Minister of Cooperatives of Myanmar
- In office 27 August 2012 – 30 March 2016
- Preceded by: Ohn Myint
- Succeeded by: position abolished

Minister of Culture of Myanmar
- In office 30 March 2011 – 27 August 2012
- Preceded by: Khin Aung Myint
- Succeeded by: Aye Myint Kyu

Minister of Information of Myanmar
- In office 13 September 2002 – 27 August 2012
- Preceded by: Kyi Aung
- Succeeded by: Aung Kyi

MP of the Pyithu Hluttaw
- In office 31 January 2011 – 30 March 2011
- Preceded by: Constituency established
- Succeeded by: Khin San Hlaing (NLD)
- Constituency: Pale Township
- Majority: 68,071 (94%)

Personal details
- Born: 20 May 1948 (age 77) Monywa, Burma
- Party: Union Solidarity and Development Party
- Spouse: Kyi Kyi Win
- Alma mater: Defence Services Academy

Military service
- Allegiance: Myanmar
- Branch/service: Myanmar Army
- Rank: Brigadier-General

= Kyaw Hsan =

Kyaw Hsan (born 20 May 1948) is a former Brigadier-General and previously served as Minister of Cooperatives, Minister of Culture and Minister of Information of Myanmar.

== Early life and education ==
Kyaw Hsan was born on 20 May 1948 is Monywa, Sagaing Region. He attended high school in Pale. He applied to the Defense Services Academy (DSA) in 1964 but was rejected because he was too small. The next year he reapplied, this time successfully.

== Career ==
After graduating in 1969, Kyaw Hsan served as battalion commander and then division commander under Vice Senior-General Maung Aye, a regional commander in Shan State. In 2001 Kyaw Hsan was appointed deputy Minister of Commerce. In September 2002 he was appointed Minister of Information.
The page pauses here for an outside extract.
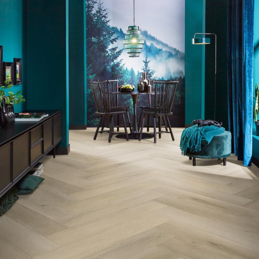 De geïntegreerde 10dB-geluidsdempende onderlaag zorgt bovendien voor een aanzienlijke verhoging van het wooncomfort, waardoor de vloer niet alleen esthetisch aantrekkelijk is, maar ook functioneel. De extra brede en lange visgraatplanken, ook wel Walvisgraat genoemd, geven een modern accent aan het traditionele visgraatdesign. Deze planken zorgen voor een luxe, tijdloze uitstraling in elke ruimte.

Kyaw Hsan had to resign from the military to run for office in 2010 on the ruling Union Solidarity and Development Party platform. He was elected an MP and became Minister of Information and Culture. A 2011 report in The Irrawaddy said he was one of the more powerful members of the government, and said he had used his control over the media to advance his career.